On the other hand, she could choose from almost any popular soft drink made in America. Their red, blue, orange, and green hues lit up an entire aisle, from the front of the store all the way to the back: Red Bull, Monster, Mountain Dew, sugared teas, flavored waters, Pepsis, Cokes. She could also buy any number of salty snacks and chips.
Stores in the SNAP program were supposed to abide by certain minimum stocking requirements established by the Department of Agriculture. Those requirements were enhanced in 2014 as a way to provide more nutritional options and variety to shoppers, and in late 2016, the Obama administration issued a rule implementing the change.
But in 2017, the new Republican-controlled Congress passed legislation: “None of the funds made available by this Act may be used to implement, administer, or enforce the ‘variety’ requirements of the final rule entitled ‘Enhancing Retailer Standards in the Supplemental Nutrition Assistance Program (SNAP)’ published by the Department of Agriculture in the Federal Register on December 15, 2016.
Lobbyists for the convenience-store industry convinced legislators that requiring more fresh fruits and vegetables—and more varieties of other foods—was too burdensome. The Trump administration agriculture department agreed. So a can of ravioli in tomato sauce counted as a vegetable.
The Dollar General offered the bare minimum of the even more relaxed food menu, and yet a long aisle of sugary drinks, because the drinks produced high profit margins and were also eligible for purchase with food stamps. “The SNAP program paid billions of dollars a year—about $4 billion, by one estimate—to the soft drink industry, to the stores, and, by extension, to the sugar and corn syrup industries, via SNAP recipients.
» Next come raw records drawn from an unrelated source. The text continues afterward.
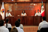 Chetumal, Q. Roo a 15 de agosto de 2017.- El Tribunal Electoral de Quintana Roo resolvió este martes en sesión de pleno, tres Juicios para la Protección de los Derechos Políticos Electorales del Ciudadano, dos relacionados con la Comisión de Justicia del Consejo Nacional del Partido Acción Nacional y uno que presentó la diputada local Silvia de los Ángeles Vázquez Pech contra la Comisión Nacional de Honestidad y Justicia del partido Morena. En la sala de pleno se celebró esta sesión pública a partir de las 13:00 horas, en la que se dio cuenta del JDC/004/2017 que interpuso Eber Ernesto Mendoza Martínez en contra la Comisión de Justicia del Consejo Nacional del Partido Acción Nacional. El actor pidió que se revoque la resolución emitida por la Comisión de Justicia del Consejo Nacional del citado partido político, el 8 de julio de 2017, en el expediente identificado con la clave CJ-JIN-042-2016, porque alega que fue omisa al analizar los agravios respecto a la equidad de género y a la violación de la convocatoria en razón de la duplicidad y alteración del acta publicada en estrados, por no ser la misma que se firmó en el acto protocolario. La ponencia a cargo del Magistrado Víctor Vivas Vivas resolvió declarar fundado el agravió y se revoque la resolución emitida por la Comisión de Justicia del Consejo Nacional del PAN. Y le otorga un plazo de 5 días hábiles para que resuelva el fondo de la controversia planteada.
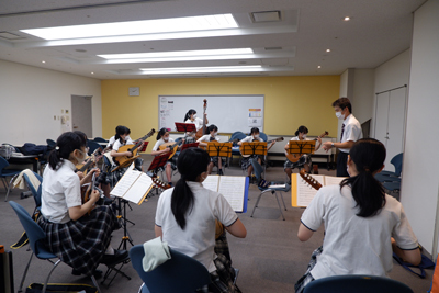 大阪府泉佐野市で行われた令和3年度全国高等学校ギター・マンドリン音楽コンクールに出場しました。高等部3年生は集大成ということもあり、特に集中して練習に取り組んでいました。 今回選曲したのは椎根真太郎作曲「マンドリンオーケストラのための合奏曲『飛躍の時へ』」です。「過去の楽しい思い出を振り返りつつ、素晴らしい未来を思い浮かべながら、さらなる飛躍を目指していこう」という思いがこもった曲です。自分たちの高校生活にも重ね合わせて、気持ちを込めて練習しました。また、テンポやリズムが場面によって異なるので、その切り替えを特に意識して演奏しました。結果は優良賞。審査員の先生方からご指摘いただいた課題を改めて確認し、部員一同、気持ちを新たにがんばります。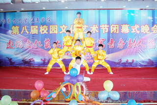 ![]() 為進(jìn)一步豐富交通學(xué)院的校園文化生活,營造積極向上,清新高雅,健康文明的校園文化氛圍,學(xué)工處(團(tuán)委)組織開展了為期一個(gè)月的校園文化藝術(shù)節(jié)活動(dòng)。5月28日,閉幕式晚會(huì)在交通學(xué)院多功能廳A453舉行。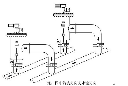 (3)自清洗過濾器應(yīng)安裝在需要保護(hù)的用水設(shè)備之前,并盡量靠近用水設(shè)備。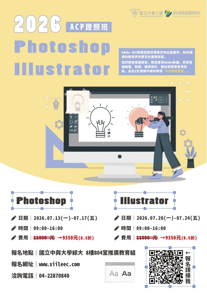 三、本校同步推出多項暑期熱門課程與證照輔導,包括「Python程式系列」、「人工智慧工程素養認證輔導」、「ACP國際證照-Photoshop與Illustrator考照班」、「SSE色彩學證照輔導」及「CCS生成式AI基礎能力認證班」等,內容結合理論與實作,適合國高中生探索興趣並強化專業能力。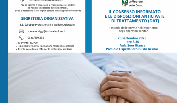 Evento formativo il 26 settembre ore 8.30 Aula Suor Bianca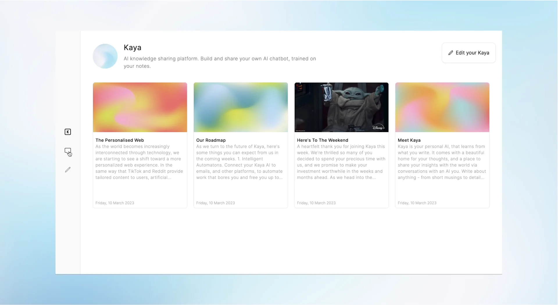 Платформа для создания и развертывания персонализированных помощников ИИ. Kaya – это платформа ИИ, которая позволяет пользователям создавать собственных помощников ИИ.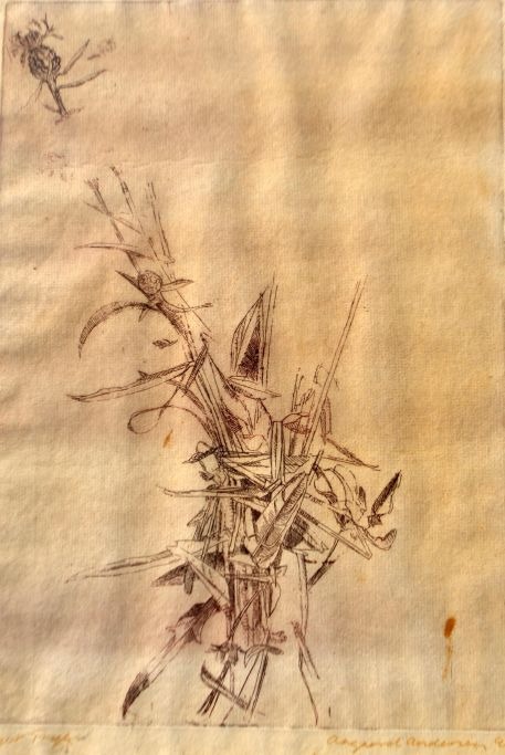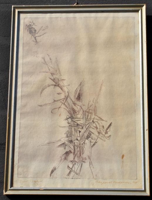 Aagaard Andersen, Gunnar (1919 - 1982): Eine Pflanze. Radierung. Eigener Druck. Unterzeichnet. 29 x 21 cm.Gerahmt mit Silberrahmen: 35 x 25 cm.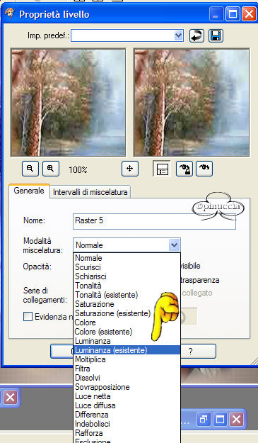 Nella paletta dei livelli cambia la modalità di miscelatura in Luminanza (esistente).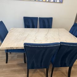 Beautiful Marble Dining Table Set with 4 Blue Velvet Chairs โ Elegant & Modern$650Summerfield, FL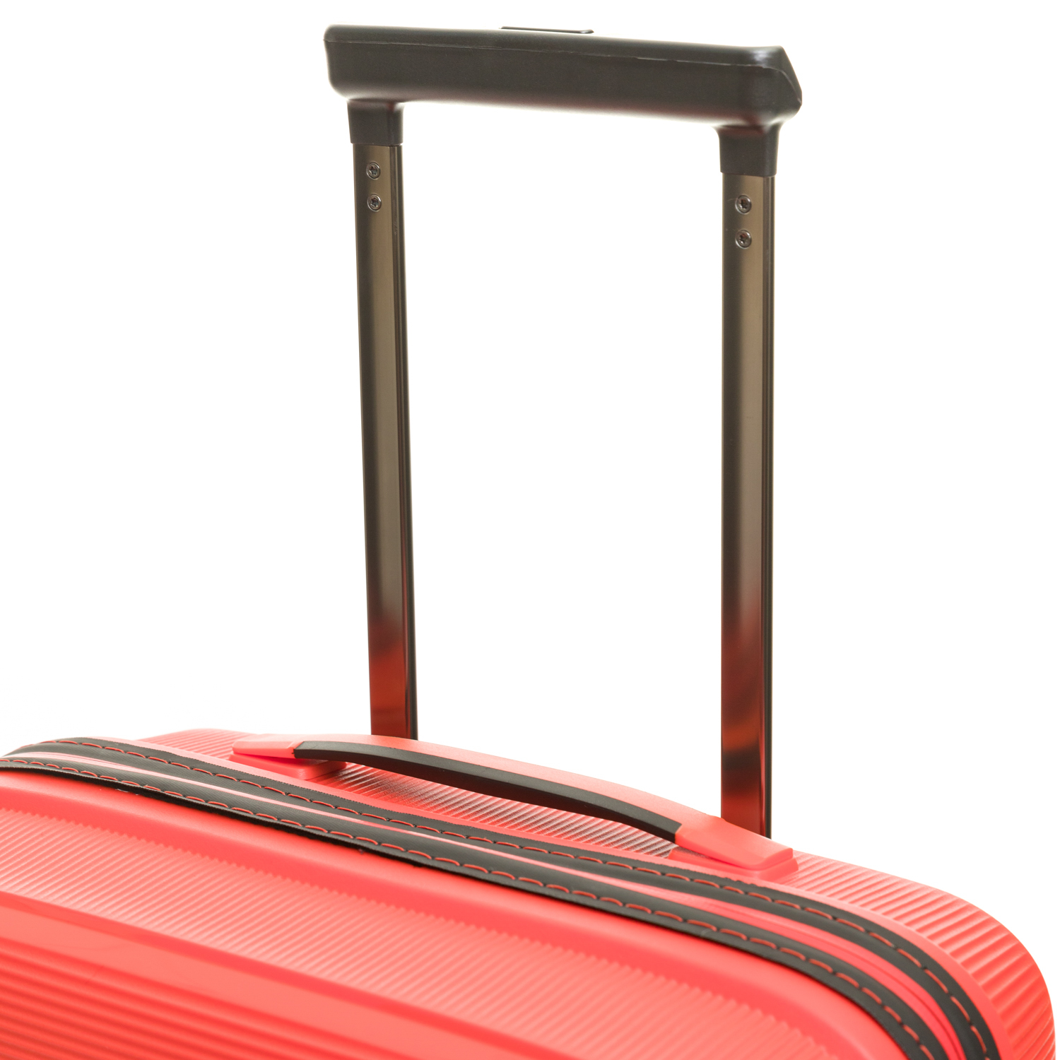 Характеризуется высокой ударостойкостью, твердостью и пластичностью. В зависимости от марки используемого материала, чемоданы из полипропилена могут быть как жесткими – на защелках, так и гибкими – на молнии.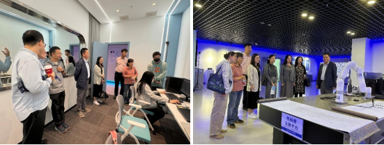 在具身认知测量实验室,教师团队观摩了高速眼动仪实时捕捉视觉注意过程,了解该技术在用户行为研究、教学评估等场景的具体应用。随后,团队来到文化遗产智能计算实验室,现场体验机械臂书写篆体“兔子先生 ”、VR沉浸式游览敦煌石窟、以及基于多模态知识图谱的文物数字化互动系统,深切感受到智能技术在人文领域的深度融合与创新价值。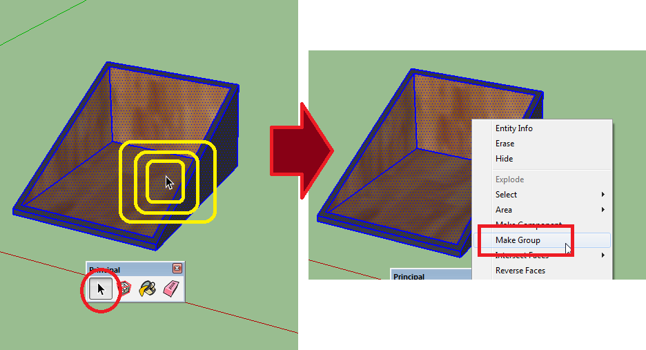 13. נבחר את כל הצורה עם טריפל קליק וניצור קבוצה עם Make Group.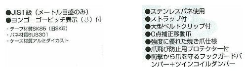 This tape measure is ideal for a variety of measuring tasks, whether in construction, carpentry, or general household use. The high-strength baking claw and 3-point caulking claw with protector ensure accurate measurements and durability. The twin coil damper provides smooth retraction, and the large belt clip and strap offer convenient portability.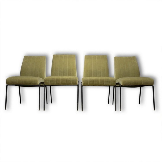 Satz von 4 Stühlen aus grünem Stoff, Wildleder 1960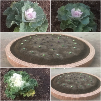 シャベルで土を掘り返し、桜の落ち葉を埋め込み花壇の準備をしました。その後、葉ボタンをデザインに沿って植え込みました。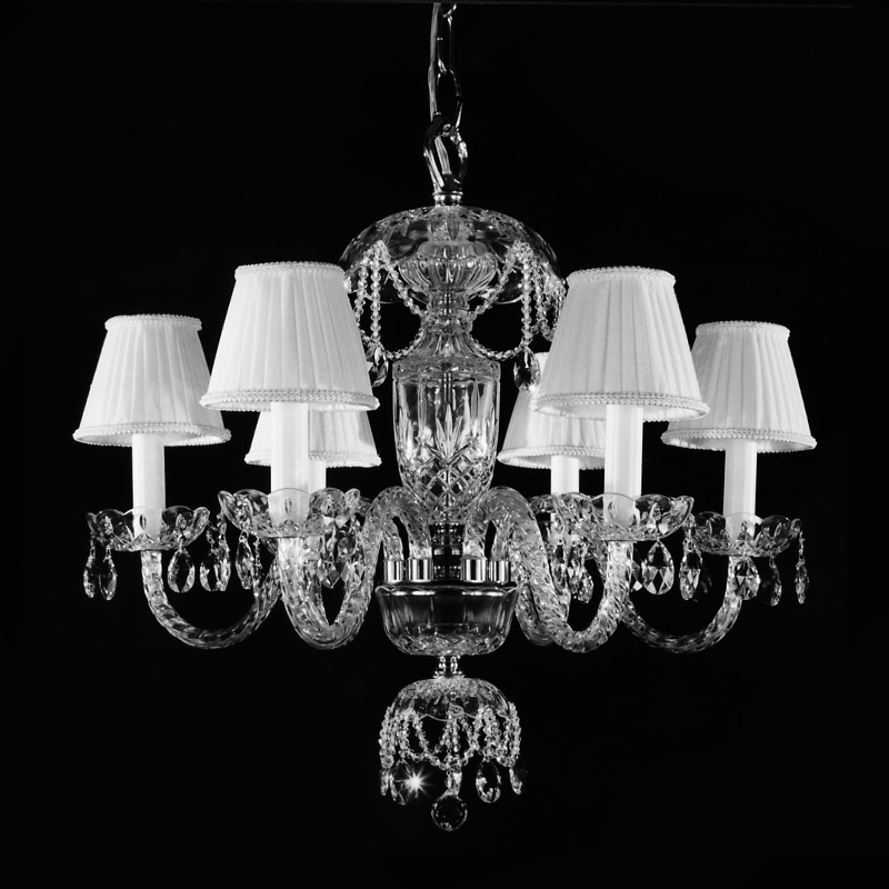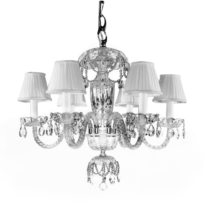 Люстра 6-ти рожковая на хромированной арматуре с хрустальной вазой и чашечками. Текстильные плиссированные абажуры белого цвета. Декор: хрустальные подвески и кристаллы Swarovski Spectra на арматуре. Высота светильника регулируется за счет звеньев цепи.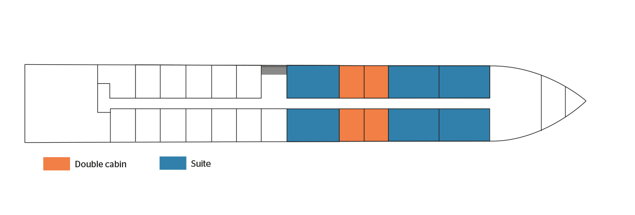 Cabins equipped with private bathroom including restroom and shower, air conditioning, large storage spaces, wardrobe, hairdryer, safe and Satellite TV. They offer great views on the Nile River thanks to their windows.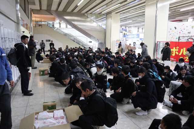 学級発表と学級担任・副担任の発表が各学年体育館と武道館に分かれて行われました。新しいクラスに移動してからは、新しい教科書が配布されました。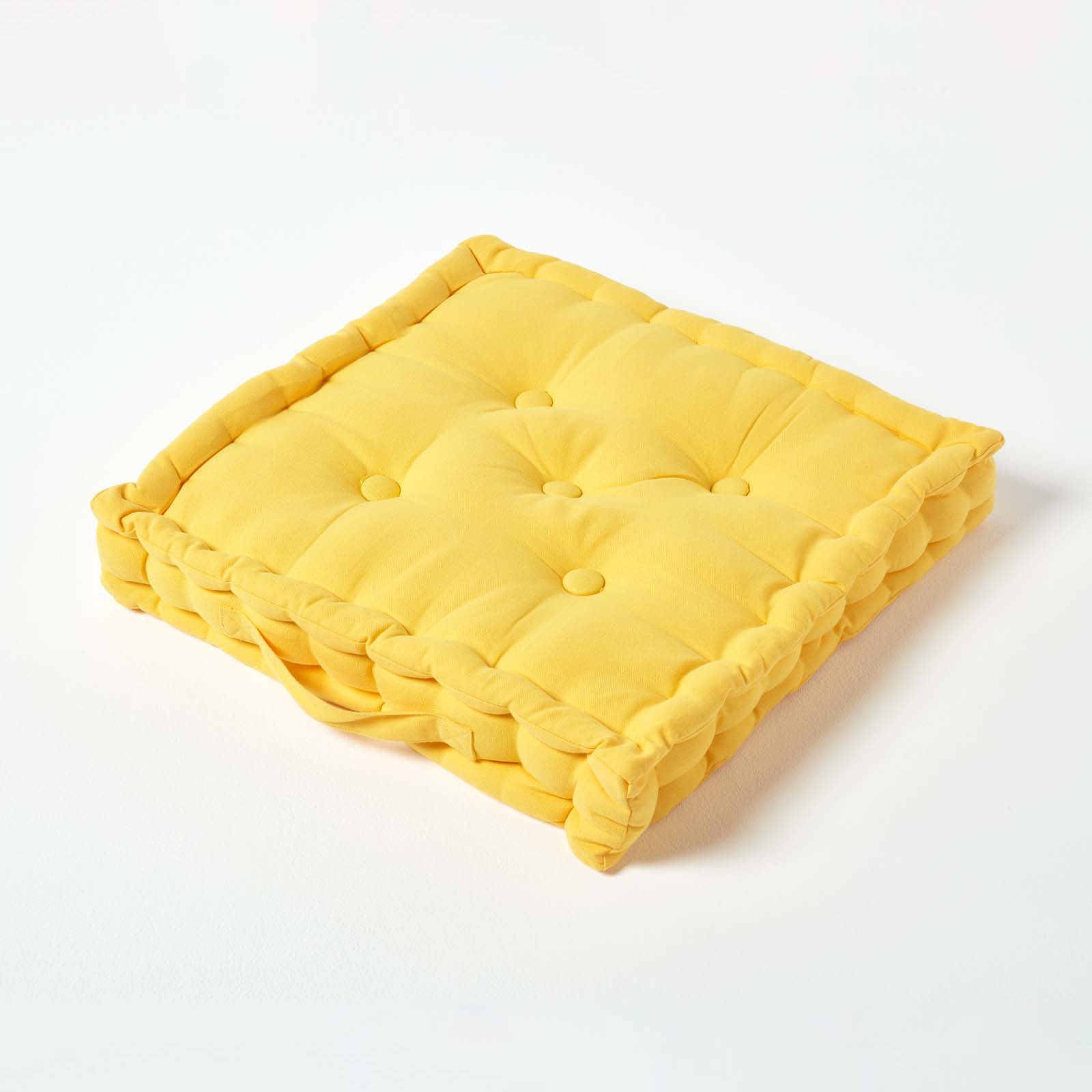 Homescapes Coussin de sol - Jaune Uni - 50 x 50 cm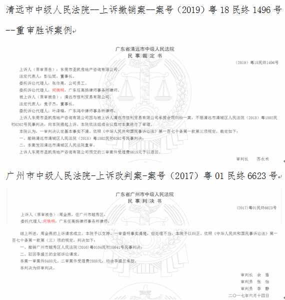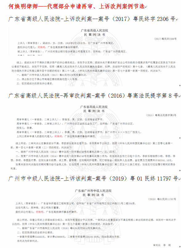 何焕明律师--代理部分申请再审、上诉改判案例节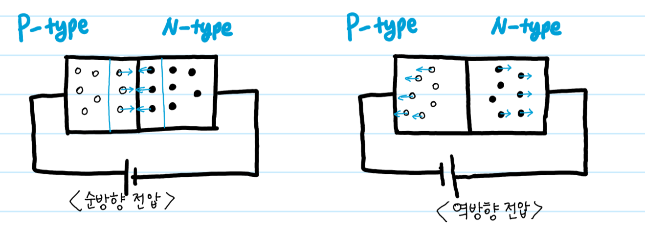 이러한 PN접합 다이오드에 순방향 전압을 걸게 되면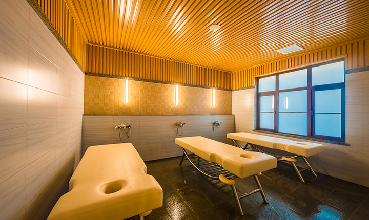 ◆鹽蒸洞(鹽桑拿),鹽湯能將堵塞在毛孔內(nèi)的多余皮脂溶解并排出體外。毛孔經(jīng)過清潔后將會收縮,皮膚會變得光滑細膩。鹽湯可以刺激汗腺,促使身體出汗,從而促進肌膚活性。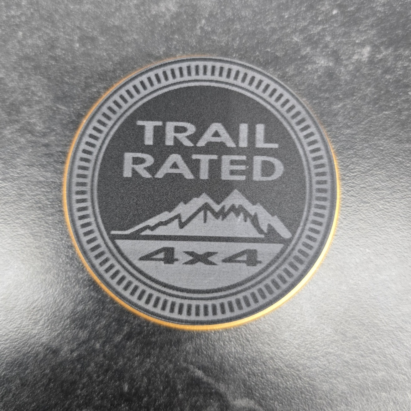 These are 1 or two color, engraved, Trail Rated badges. They are made from 2 layers of 1/8″ acrylic, stacked, and made to fit in the stock indented location.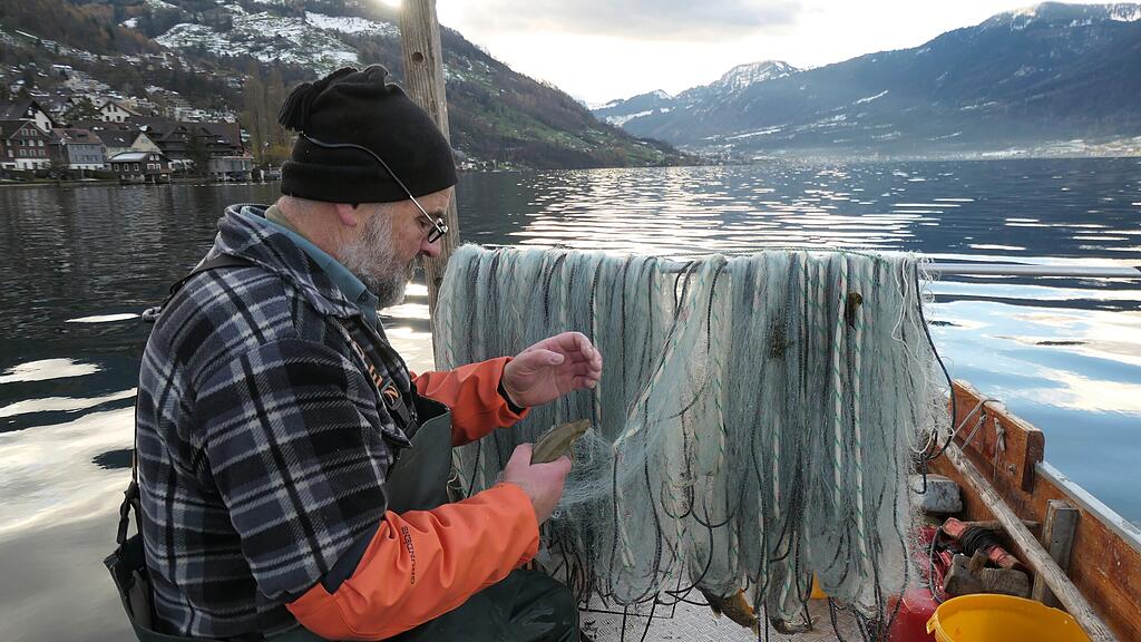 Kaum ein Kräuseln auf der Wasseroberfläche. Der Zugersee ist an einem Morgen Ende November fast spiegelglatt. Die verschneite Rigi leuchtet in der ersten Morgensonne. Ruhig sind auch die Abläufe von Berufsfischer Toni Hürlimann aus Walchwil auf seinem Motorboot. Er zieht das 60 bis 70 Meter lange Seil, an dem das Netz hängt, in runden, rhythmischen Bewegungen ein. Scheinbar leicht. Doch daran hängt das ganze Stellnetz, das der Fischer am Vortag gesetzt hat.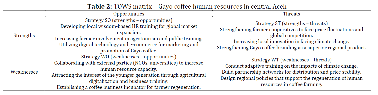 Strategic model for human resource development based on local wisdom in organic Gayo coffee cultivation in Central Aceh District, Indonesia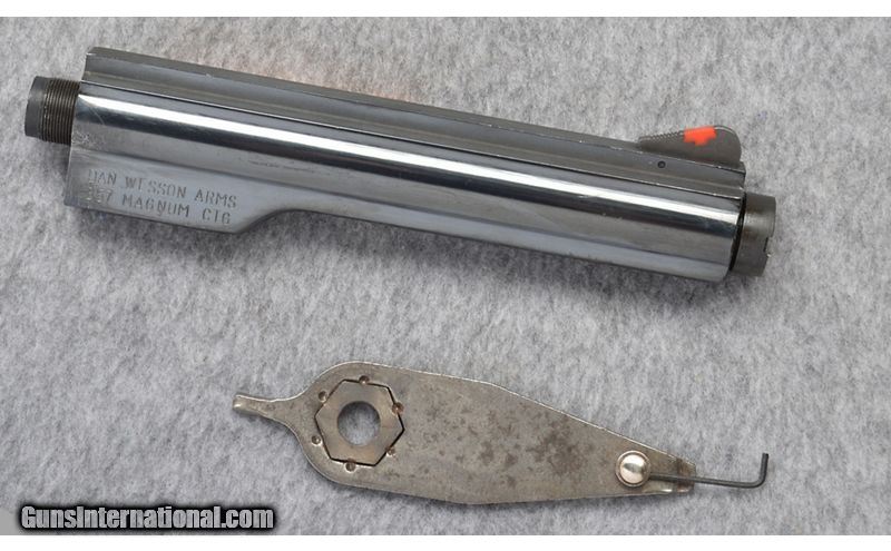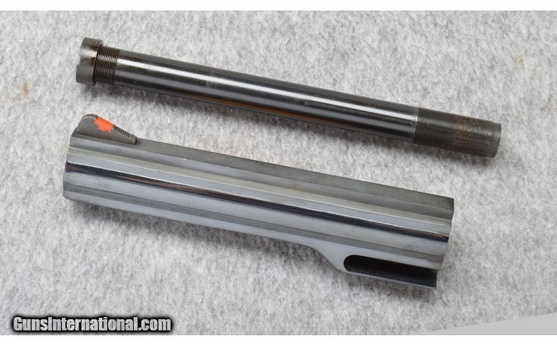 Description: Very high condition revolver shows few scattered light scratches, some pitting on the extra barrel. Equipped with 8 inch heavy shroud barrel and walnut target grips. No Box. .357 Magnum SOLD Metal Condition: Polished Blue Wood Condition: Couple nicks and scratches Bore Condition: "Bright, Sharp Barrels: 8 Inch Triggers: DA/SA Weight: 50 Oz. Sights: "Adjustable Rear Sight, Red Ramped Front Item Location: Buda, TX |

In other words, taxpayers were subsidizing the promotion of diabetes and obesity.
p. 371
I am reminded of the workers who struggle to maintain our grocery store shelves in The Secret Life of Groceries: The Dark Miracle of the American Supermarket by Benjamin Lorr.
At the same time, What did predictive analytics tell KKR? It would appear it provided insights to game small market food supply chains:
When the private equity giant Kohlberg Kravis Roberts bought Dollar General for about $7 billion just as the Great Recession snuck up on America, some experts wondered why: it was a chain of roughly sixty-five hundred stores that sold cheap stuff to poor people. But soon the recession created lots of poor people. Under KKR’s ownership, Dollar General exploded, spawning more than a thousand additional little concrete-block shotgun-shack stores in one small town after another and in the poor neighborhoods of cities. By 2009, when KKR relisted the stock on the public markets, more than eight thousand Dollar Generals had metastasized across the United States. When KKR sold all of its stake in 2013, the company was worth three times what KKR had paid for it, and the financial press hailed the play’s success.
pp. 369-370
Northwest Ohio remains struggling from the 2008 recession. Workers cannot afford healthy food, nor health insurance to keep them living a safe, productive life. Then COVID came to Ohio….
In conclusion, Brian has authored a very powerful look at the failure of the Ohio health system in Williams County. His excellent writing brings struggles of many living across Northwest Ohio to confront a failing healthcare system. He proves repeatedly, that for those on the brink, there is actually no ‘system’ at all exactly when they need it the most.
His honest view of hospital systems that continue leveraging legacy approaches to the business of healthcare is dramatic. You will be reading in slow motion the collapse of small cities across Northwest Ohio. The impact is chilling to the rest of our country.